The Games were then officially opened by Princess Anne.

==Medal table==

| Rank | Nation | Gold | Silver | Bronze | Total |
| 1 | United States (USA) | 29 | 23 | 27 | 79 |
| 2 | China (CHN) | 21 | 19 | 11 | 51 |
| 3 | Soviet Union (URS) | 16 | 14 | 19 | 49 |
| 4 | North Korea (PRK) | 11 | 3 | 5 | 19 |
| 5 | Italy (ITA) | 6 | 7 | 10 | 23 |
| 6 | Japan (JPN) | 5 | 15 | 8 | 28 |
| 7 | Germany (GER) | 4 | 7 | 6 | 17 |
| 8 | Great Britain (GBR)* | 4 | 5 | 5 | 14 |
| 9 | South Korea (KOR) | 4 | 2 | 4 | 10 |
| 10 | Canada (CAN) | 3 | 5 | 11 | 19 |
| 11 | Poland (POL) | 3 | 3 | 5 | 11 |
| 12 | France (FRA) | 3 | 2 | 4 | 9 |
| 13 | Hungary (HUN) | 3 | 1 | 1 | 5 |
| 14 | Ireland (IRL) | 3 | 1 | 0 | 4 |
| 15 | Australia (AUS) | 2 | 2 | 3 | 7 |
| 16 | Netherlands (NED) | 2 | 2 | 0 | 4 |
| 17 | Romania (ROM) | 1 | 3 | 1 | 5 |
| 18 | Nigeria (NGR) | 1 | 2 | 0 | 3 |
| 19 | Jamaica (JAM) | 1 | 1 | 0 | 2 |
| 20 | Bermuda (BER) | 1 | 0 | 0 | 1 |
| Chinese Taipei (TPE) | 1 | 0 | 0 | 1 |
| Finland (FIN) | 1 | 0 | 0 | 1 |
| 23 | Spain (ESP) | 0 | 3 | 4 | 7 |
| 24 | Cuba (CUB) | 0 | 1 | 1 | 2 |
| Norway (NOR) | 0 | 1 | 1 | 2 |
| 26 | Malaysia (MAS) | 0 | 1 | 0 | 1 |
| Mexico (MEX) | 0 | 1 | 0 | 1 |
| Sierra Leone (SLE) | 0 | 1 | 0 | 1 |
| Yugoslavia (YUG) | 0 | 1 | 0 | 1 |
| 30 | Belgium (BEL) | 0 | 0 | 2 | 2 |
| 31 | Indonesia (INA) | 0 | 0 | 1 | 1 |
| Kenya (KEN) | 0 | 0 | 1 | 1 |
| Totals (32 entries) |  | 125 | 126 | 130 | 381 |

== Legacy ==
Despite the initial high hopes that the Games would foster regeneration in the city, heavy financial losses continue to burden the Games' legacy. Whilst the event cost a reported £10 million to host at the time, with building costs predicted to reach only £25 million, by the opening ceremony construction had already cost £174 million. Loans taken out to build the three main arenas - Don Valley Stadium, Ponds Forge International Sports Centre and Sheffield Arena - have been refinanced four times in the years since, with the final cost coming to £658 million when it is paid off in 2024.

The World Student Games, documented by one of the on site volunteers, Linda Stewart Pitts (Mother of writer and photographer Johny Pitts) appeared as a zine published by Café Royal Books in 2025.
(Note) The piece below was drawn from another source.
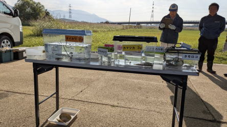 記録用の写真を撮り忘れてしまいましたが、川の状態は落ち着いており、日頃の地域の皆さんの取り組みが反映されているように感じます。 また、今回の調査では、これまで笹尾川で3種類のエビしか見たことがなかったのですが、新たにもう1種類のエビを確認することができました。生きものの多様性を感じられる嬉しい発見でした。 魚類では、毎回見ることのできるカネヒラやオイカワも元気に泳いでおり、その美しい体色に、参加者からも思わず笑顔がこぼれました。 今後も継続して調査を行い、笹尾川の自然の魅力と健やかな環境を伝えていきたいと思います。 |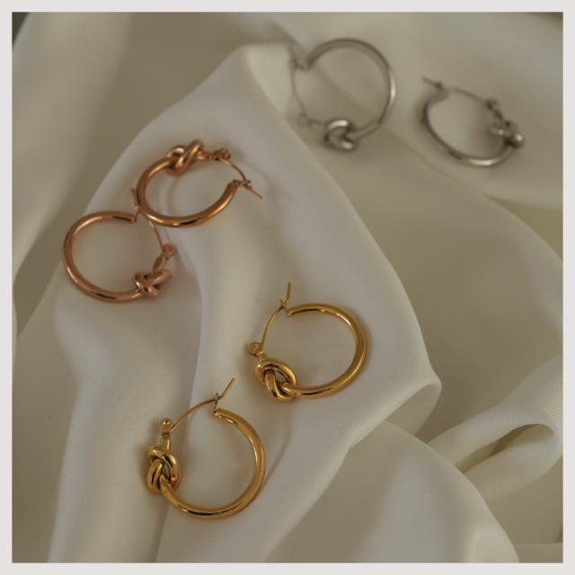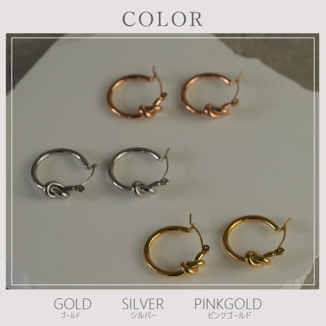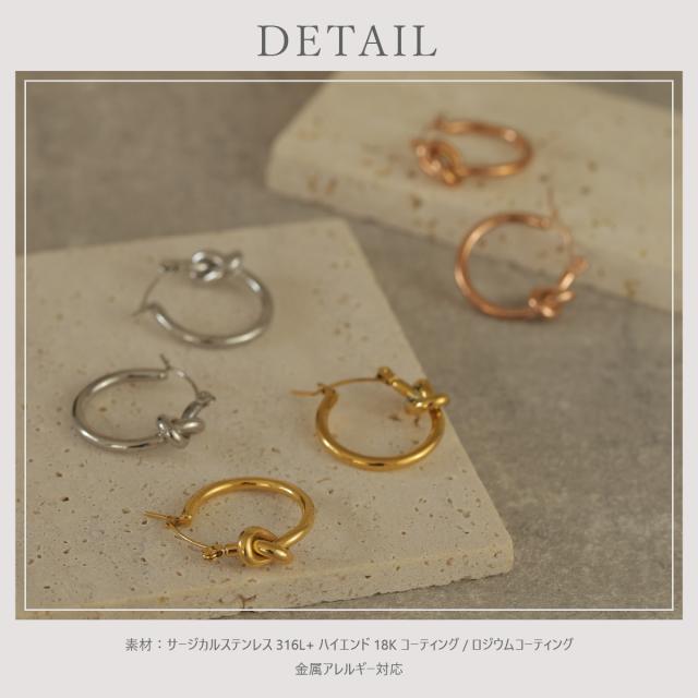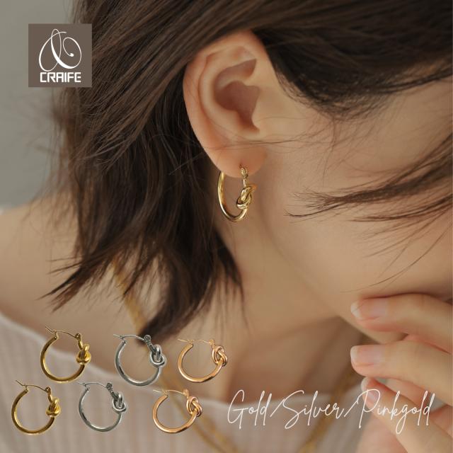 ピアス 金属アレルギー対応 サージカルステンレス 316L 18K ノット 結び目 フープピアス レディース 大人 モダン シンプル かわいい エレガント ジュエリー ゴールド シルバー ピンクゴールド 送料無料 プチプライス高見え CRAIFE

The Don Valley Stadium was used in later years for a variety of events, including rugby league, American football and as Rotherham United's home ground during the construction of New York Stadium. It was demolished due to budget cuts in 2013.

The Sheffield Arena constructed for the games became the home of the Sheffield Steelers Ice hockey team in 1991, in an attempt to find a long term use for the venue. Games continue to be played by the team.

The 1991 Summer Universiade remains the only time that the Games have taken place in the United Kingdom.